Отроческие годы Пушкина - [16]

Шрифт
Интервал

— Забыл, конечно…

— А ты, конечно, спросить забыл?

— Не то, знаешь, в голове было…

— Ну, ничего, у меня есть лишние…

И Пущин торопливо вынул свой кошелек, из которого, отвернувшись, достал блестящий, последней чеканки серебряный рубль.

— На вот целковый; будет с него на первый раз.

Пушкин, однако, успел разглядеть, что кошелек товарища был довольно тощ, и, не принимая монеты, спросил:

— Да ведь целковый этот у тебя единственный?

Пущин покраснел и замялся.

— О, нет… — пробормотал он.

— А отчего он такой новенький? Верно, подарил тебе кто-нибудь на прощанье?..

— Ну, прошу тебя, возьми! — умоляющим голосом настаивал Пущин. — У меня тут осталось мелочи, сколько угодно…

И он насильно втиснул рубль в руку приятеля. Сделал он это как раз вовремя, потому что лицейский обер-провиантмейстер Леонтий Кемерский показался уже опять на пороге, нагруженный обещанным «угощеньем». Тщательно притворив за собою дверь, от отвесил Пушкину поклон в пояс.

— Бьем челом вашему благородию хлебом-солью!

После чего самодовольно стал разгружаться и разъяснять:

— Это вот, батюшка-сударь мой, ситный хлеб утрешнего печенья — изволите видеть, какой рыхлый, мяконький! А сверху-то еще золотой паточкой помазан: что ни есть подходящее для балованного барского желудка. Тут вот плиточка царского шоколадцу.
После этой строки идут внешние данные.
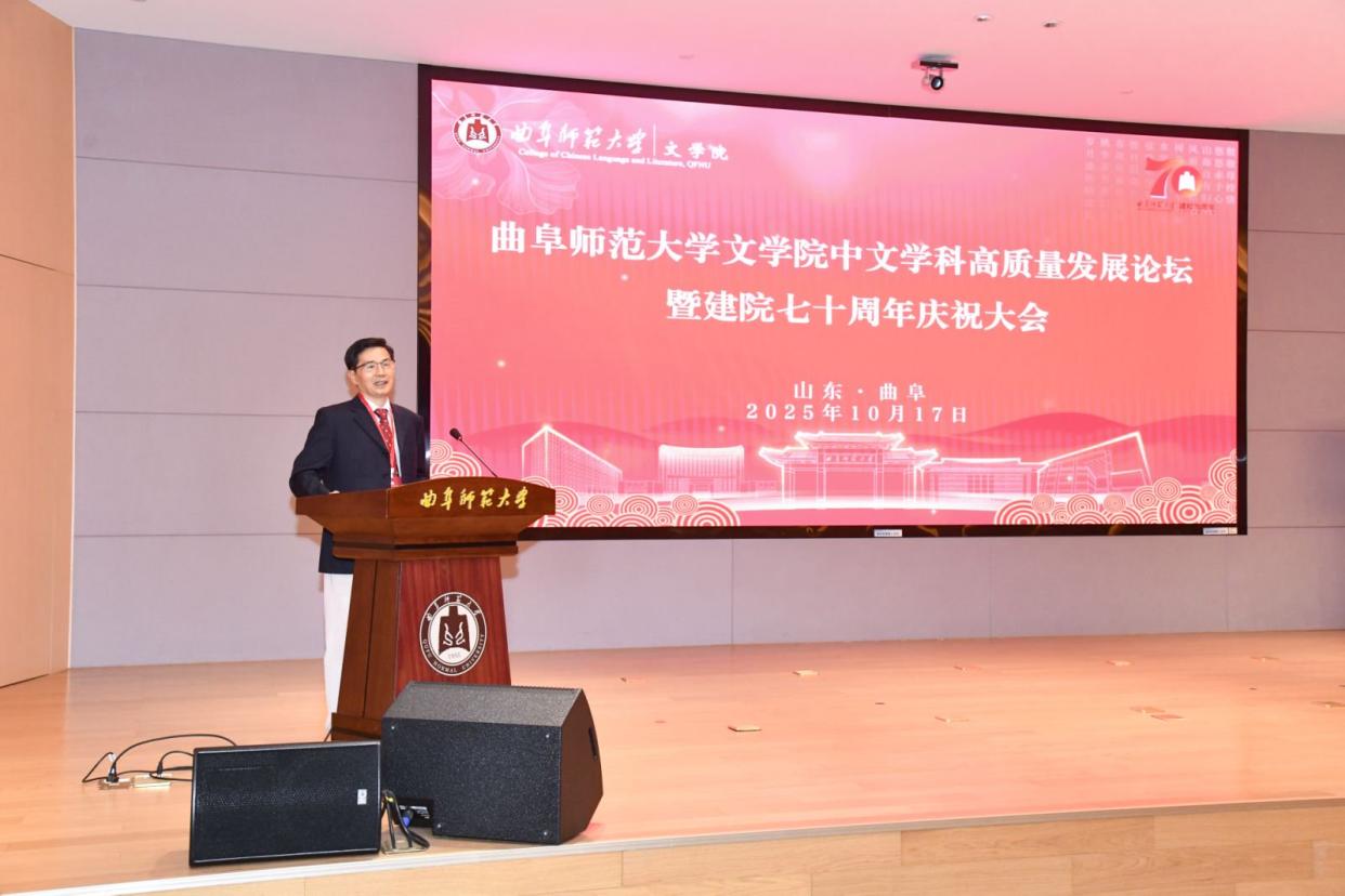 洙泗之地,斯文在兹。七秩弦歌,惟其有章。名师荟萃,桃李芬芳。10月17日下午,曲阜师大中文学科高质量发展论坛暨文学院建院七十周年庆祝大会隆重举行。各级领导、嘉宾、校友和师生代表齐聚一堂,共同回顾学院七十年来的发展成就,探讨和展望中文学科高质量发展的未来。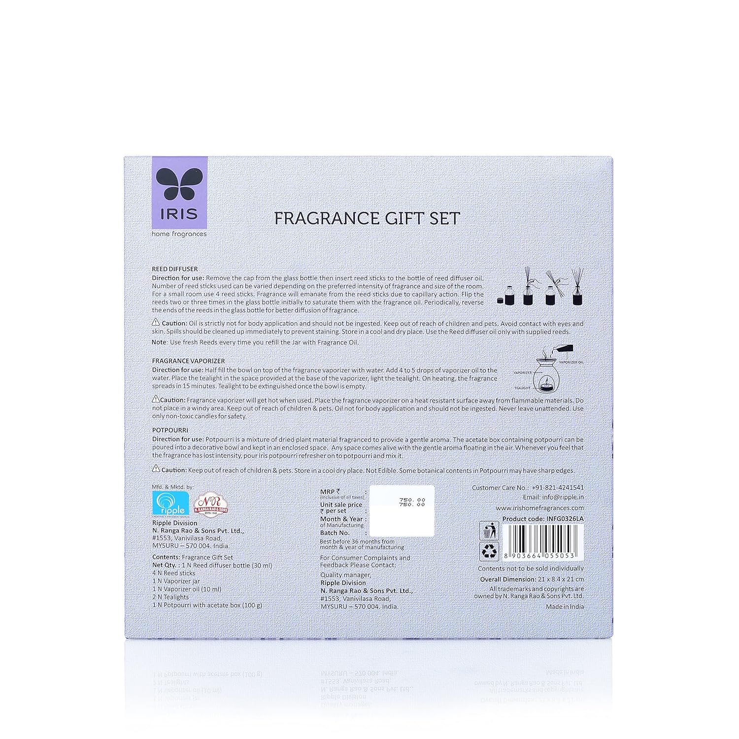 Multi-sensorial experience: A beautifully fragrant creation for your home, the IRIS Lavender Fragrance Giftset has the potential to enliven your interiors, irrespective of the occasion, mood, or place.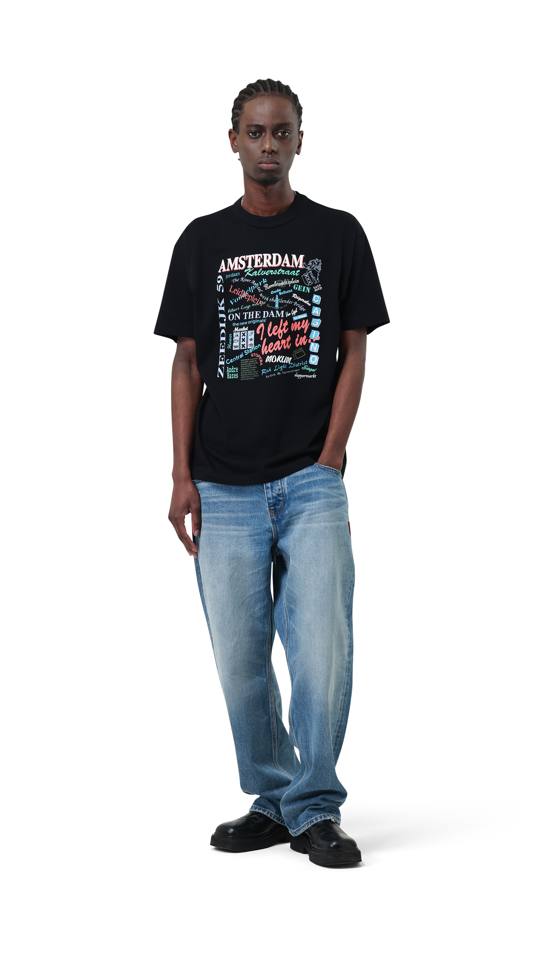 The Souvenir Tee is our tribute to Amsterdam. The front features a collage of iconic streets, landmarks, and local references that shape the city. From Zeedijk 59 to Kalverstraat, from the market to the nightlife. A graphic that feels like walking through Amsterdam.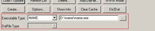 - Emulator : Choisissez le type d'émulateur dans le petit menu déroulant (sur l'exemple c'est mame.exe). Pour ceux qui n'y figurent pas, il faudra opter pour des fichiers .dat (voir Add datfile).

Испробуйте-ка, так во рту и тает-с! А здесь пяточек яблочков: небольшие хошь, да чисты, румяны, что твоя щечка девичья. Заправские, крымские! Мал золотник, да дорог.

— Спасибо, братец, — поблагодарил Пушкин и сунул ему в руку только что навязанный Пущиным рубль, — получи.

— И вам, сударь, сугубое мерси! Дай вам Бог доброго здоровья! Нашему брату этих подачек вовсе бы и не нужно, да как отказаться? Еще, чай, в обиду примете! В ину пору я вам и не тем бы еще услужил: чашечкой кофе с бисквитцами, что ли…

— Спасибо, и с этим-то мне разом не справиться, — ответил Пушкин и, отломив половину большущего ситного каравая, принялся с аппетитом уписывать его за обе щеки.

— Кушайте во здравие, ваше благородие! Ну, что скажете, каков хлебец-то? Правду я говорил, не соврал?

— Очень хорош.

— Пряник печатный-с! Да-с, придворный хлебопек-то наш — мастер своего дела; даром что русский человек — всякого немца-булочника за пояс заткнет. И скажу вам теперя, ваше благородие, по чистой совести, значит: за доброту да за ласку вашу от сей минуты дядька Леонтий Кемерский вашей милости покорнейший холоп. Свистните только — и он уж, как в сказке бурка-кавурка, тут как тут.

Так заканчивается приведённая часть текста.